Aggregation Rate of Charged Colloidal Particles in a Shear Flow: Trajectory Analysis Using Non-linear Poisson-Boltzmann Solution

Abstract

Shear-induced aggregation, which coincides with the velocity gradient of fluid, extensively occurs in environmental and industrial processes. Thus, understanding of shear-induced aggregation is still important in many fields. However, although the aggregation kinetic theory in a shear flow provides fundamental aspects in practical situations, the verifications of the theory are not sufficient due to the lack of quantitative comparisons with experimental data.

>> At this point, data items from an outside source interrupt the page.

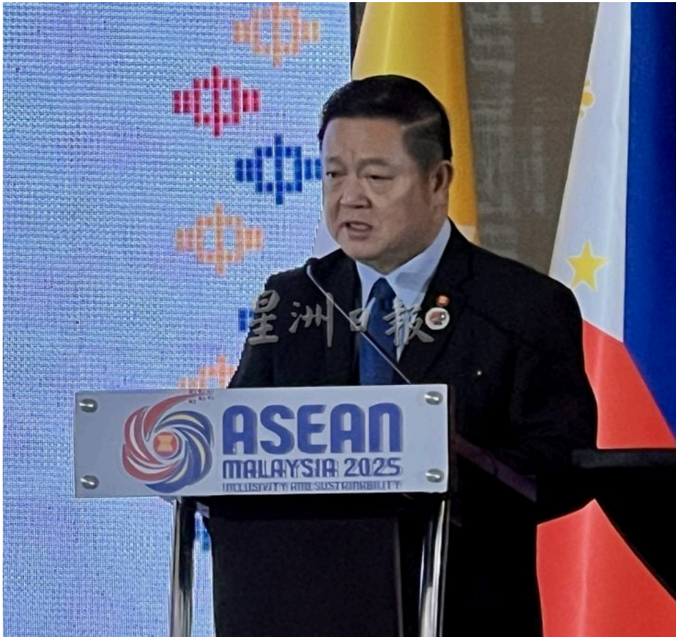
东盟秘书长高金洪博士。

赛夫丁也表示，外界关注的泰国与柬埔寨之间的边境冲突，将不会影响东盟在跨国犯罪上的合作，他强调，之前在吉隆坡举行的特别跨境会议已展现东盟成员国在安全议题上的紧密合作与信任。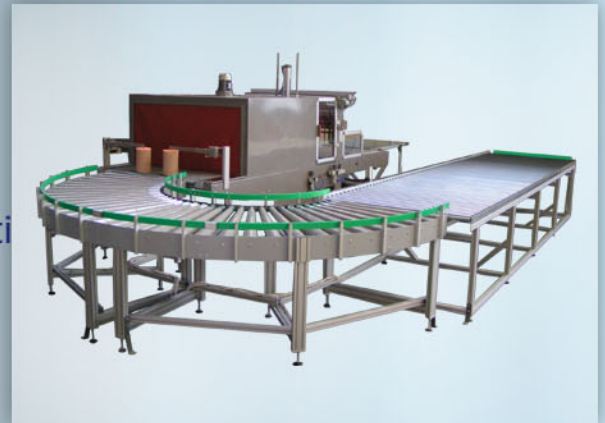
integrace s balicím strojem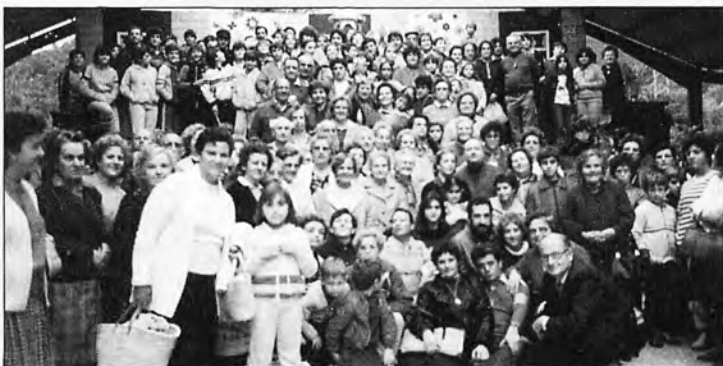
Una excursió d'andritxols al Monasteri de Lluc, l'any 1980.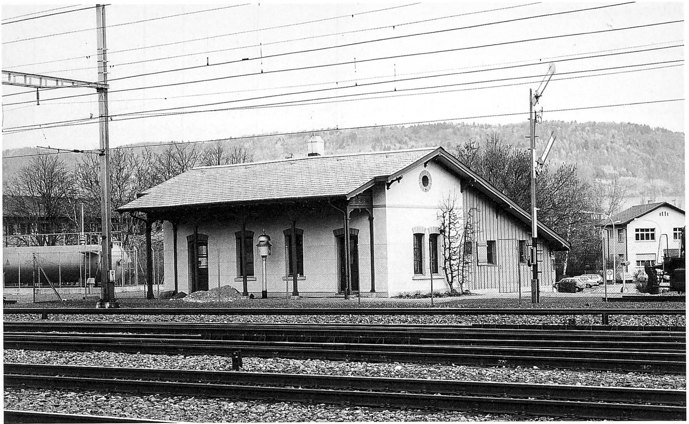
Das ehemalige Stationsgebäude der Spanischbrötlibahn von 1847 ist das älteste erhaltene der Schweiz. (Aus: Zum Abschluss der Renovation Bahnhof Baden – Renovation ehemaliges Stationsgebäude Dietikon – Restauration Hauptbahnhof Zürich, Dietikon 1980, und Kantonale Denkmalpflege Zürich)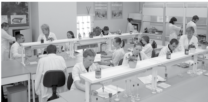
Современная лаборатория технического анализа

После 1928 года в связи с расширением контингента и спектра специальностей возникла потребность в соб-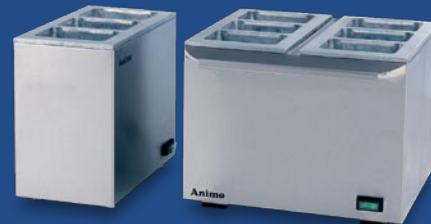
Tetrapackerhitzer geeignet für drei und sechs Tetrapack je ein Liter.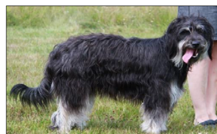
Black and Tan (Svart eld)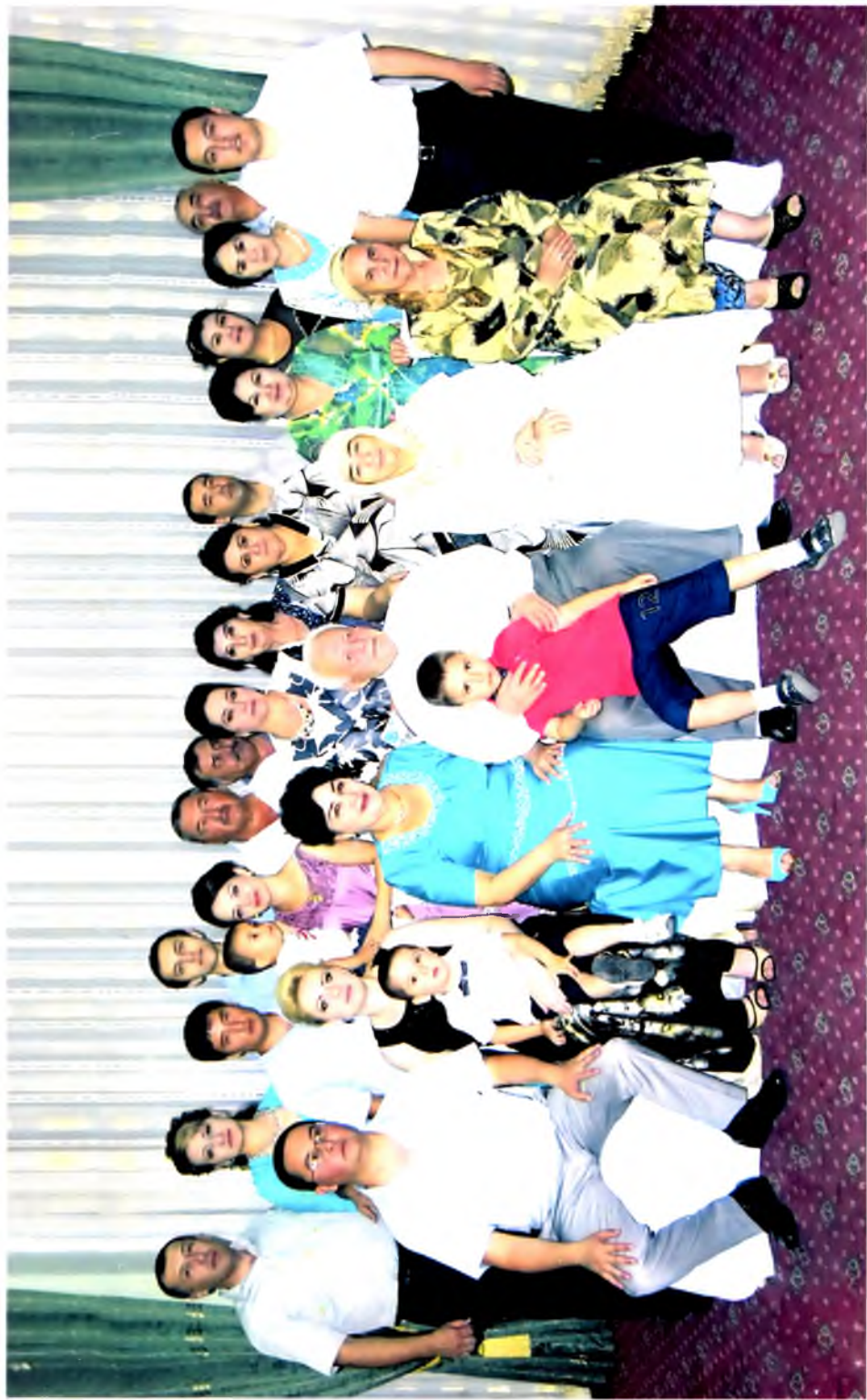
Қариндошлар даврасида, 2013 йил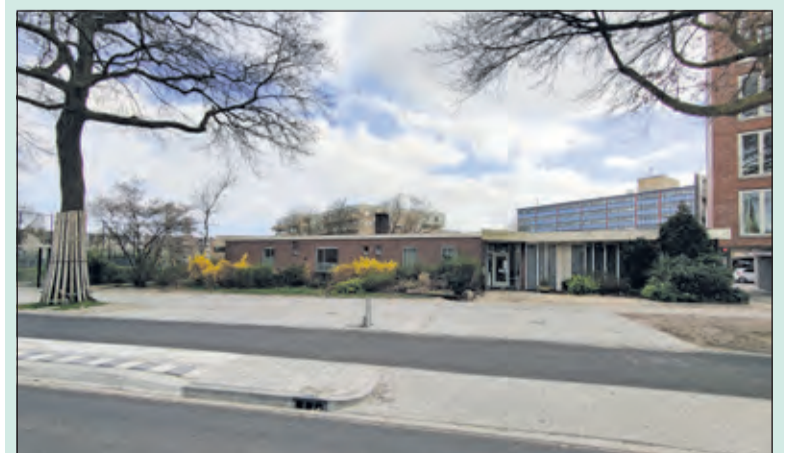
Op het perceel Melkweg 3 - gelegen tussen appartementencomplex La Luna (rechts) en de voetbalcourt - zijn plannen voor de bouw van een appartementencomplex.

Gedurende bovengenoemde termijn kan iedereen schriftelijk of mondeling zienswijzen omtrent het ontwerpbestemmingsplan indienen. De zienswijzennota maakt deel uit van het door de gemeenteraad te nemen besluit tot vaststelling van het bestemmingsplan. Ingediende zienswijzen kunnen aanleiding geven tot aanpassingen. Het ontwerpbestemmingsplan wordt dan gewijzigd vastgesteld. [HvdB]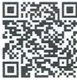
QR CODE ที่ ๑

- รับรองรายงานการประชุมขับเคลื่อนนโยบายของกรมปศุสัตว์ในพื้นที่จังหวัดอุบลราชธานี ครั้งที่ ๑/๒๕๖๖ เมื่อวันที่ ๒๓ มกราคม ๒๕๖๖ ณ ห้องประชุมสำนักงานปศุสัตว์จังหวัดอุบลราชธานี ตาม QR CODE ที่ ๑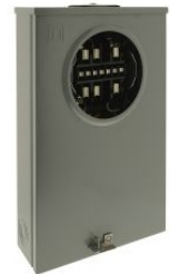
GABINETES PARA MEDICIÓN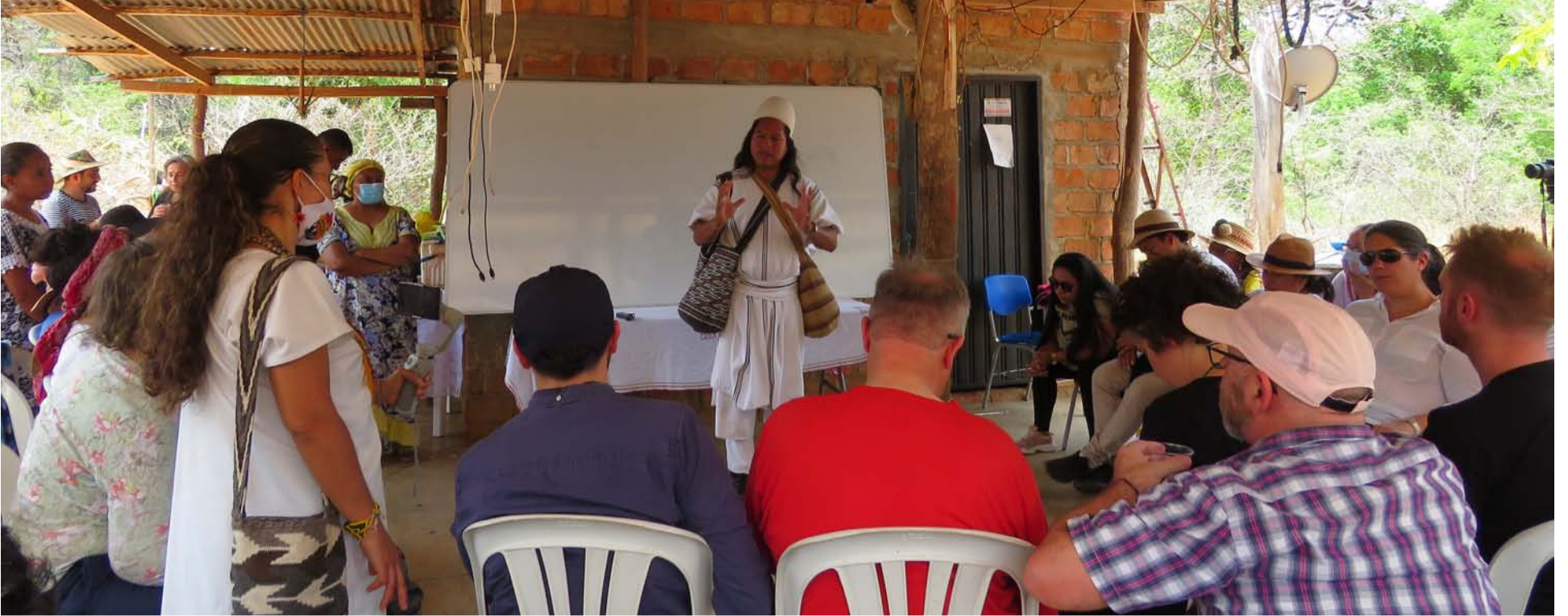
La comunidad ha prendido las alarmas sobre los daños socioambientales que llegarán afectando a las 113 especies que habitan los ecosistemas.

Constatan violaciones a los Derechos Humanos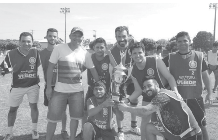
Time que conquistou o troféu de campeão do campeonato em comemoração ao Dia dos Pais

A Prefeitura de Ouroeste, através da Secretaria e Diretoria de Esportes, promoveu no último domingo (13), no Minicampo Municipal, o 1º Campeonato de Futebol Society em comemoração ao Dia dos Pais. A competição contou com a participação de equipes do muni-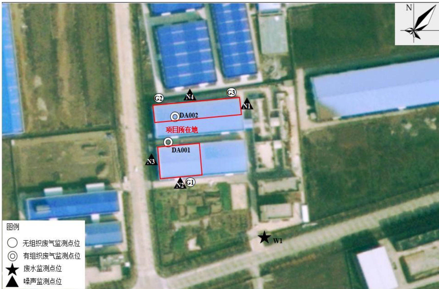
附图 4 项目监测点位图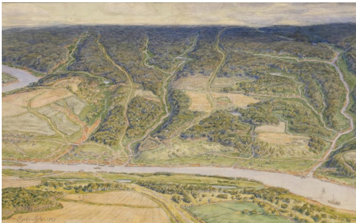
А. Васнецов. Москва — городок и окрестности во второй половине XII века. 1929 г.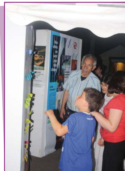
L'exposition "Nos villes ne sont pas des cibles" a retenu l'attention des grands et des petits.

La première édition de la Fête des gamins (4-5-6 juin) a rassemblé plusieurs milliers de visiteurs sur le week-end. C'est toute la ville qui s'est retrouvée au lac pour se distraire, débattre, passer un bon moment entre amis ou en famille dans une ambiance conviviale et festive. Un grand merci à tous les participants, associations, parents d'élèves... qui, aux côtés de la ville, ont permis la réussite de cette Fête. Retour sur quelques moments parmi des dizaines d'autres.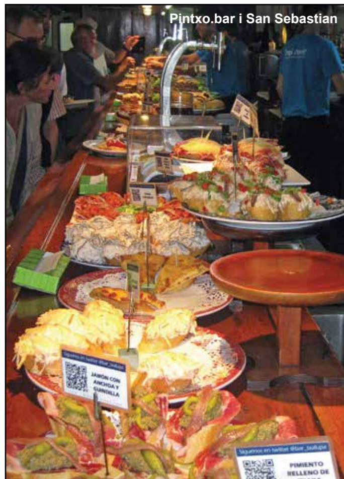
Pintxo.bar i San Sebastian

mot havet rundt en kurvet bukt med en fin sandstrand. Midt i bukten ligger en skillpaddeformet øy som skjærer for bølger og på hver side av bukten reiser de grønne toppene Monte Urgull og Monte Igeldo seg. På Monte Igeldo, som kan nås med en «funicular» a la Fløybanen i Bergen, ligger et hotell og en gammeldags fornøylespark. På Monte Urgull, som man må gå til fots opp til, ligger en festning fra 1500-tallet, som inneholder et lite museum som viser byens historie. På toppen av festningen står en statue av Kristus som er synlig fra hele byen. Bukten består av en fin strand med en elegant tradisjonell strandpromenade som er flankert av vakre bygninger fra slutten av 1800-tallet og begynnelsen av 1900-tallet. Byen har en gammelmodig, fasjonabel atmosfære. På begynnelsen av 1900-tallet var San Sebastian den mest eksklusive sommerbyen i Spania. Det hele startet med at dronningen la sin sommerresidens hit på slutten av 1800-tallet, noe som også trakk det spanske aristokratiet hit, og på begynnelsen av 1900-tallet, under «la belle époque», var San Sebastian lekegrind for de rike og berømte i Europa. I dag kan vi alle dra dit, og det er det mange som gjør. Her foregår det mye, sommeren er full av festivaler av ulike slag. San Sebastian er også et eldorado for matelskere, her finnes flere restauranter med Michelinstjerner, og hit kommer mange bare for å spise. Det er ingen overdrivelse å påstå at gastronomi er byens store turistattraksjon.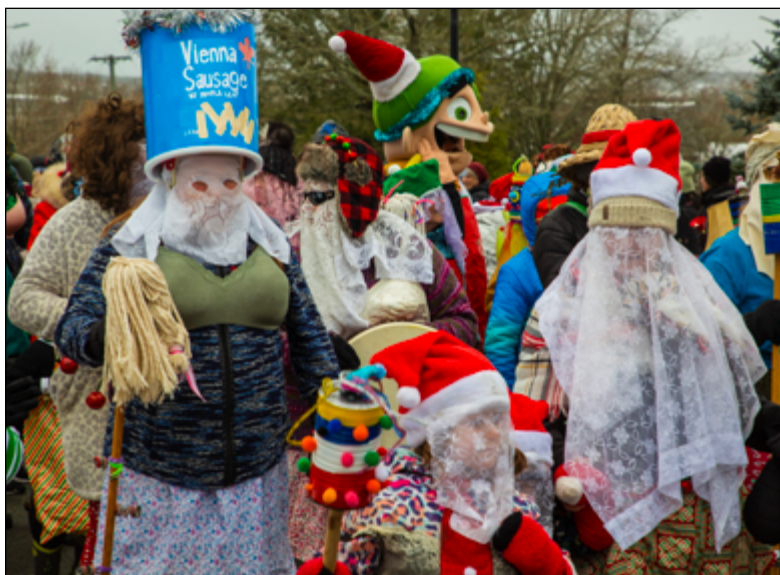
Dangereux ou amusant? Le Gaboteur n'a vu qu'un seul danger lors de la parade des mummers : des gens qui dansaient un peu trop fort!

Au tournant du siècle et même aujourd'hui, le mumming n'a jamais complètement disparu dans les régions rurales, même en dépit de l'interdiction jusqu'aux années 1990. Les documents de l'époque décrivent cette pratique avec de plus en plus de nostalgie, explique la chercheuse. Aujourd'hui, si la tradition est devenue un festival organisé dans la capitale, pendant les périodes de fêtes on peut toujours trouver un ou deux mummers dansant de maison en maison surplombant les baies et criques de la province.

In particular, the experimental aggregation rates in the presence of electrostatic repulsion, which diminishes the rates, have not been compared with theoretical calculations, since the previous calculation can not be applied to the experimental data because of using the expression for electrostatic repulsion which assumes the linearized Poisson-Boltzmann(PB) equation that is only valid in the low surface potential case. Therefore, we examined the comparison between theoretical calculations and experimental data by Sato et al. for the aggregation rates in a Couette flow as a function of KCl concentration at different shear rates. To calculate the theoretical rates, we employed the trajectory analysis with the repulsion calculated using the non-linear PB solution. We plotted the capture efficiencies, which are defined as the ratio of the rate with and without particle interactions, for the polystyrene latex particles with a diameter of 2R = 1.96 μm against KCl concentration at different shear rates G in Fig. 1. Symbols are experimental values at G = 23(△), 46(○), 92(▽ ) s−1, respectively. Lines indicate the theoretical values based on trajectory analysis with Non-linear PB solution, assuming σ = −60 mC/m, and Hamaker constant AH = 2.0×10−21 J which characterizes the magnitude of van der Waals attraction. We can see that the capture efficiencies decrease with decreasing KCl concentration and increasing electrostatic repulsion, and the present calculation can qualitatively describe the experimental data as shown in Fig. 1. However, we observed the quantitative discrepancies between the experimental and theoretical values. These discrepancies might be caused by Non-DLVO forces which are not included in the present trajectory analysis. Fig. 1 Capture efficiency vs. KCl concentration for 2R = 1.96 μm: Symbols and lines are experimental values taken from Sato et al . and theoretical ones based on trajectory analysis.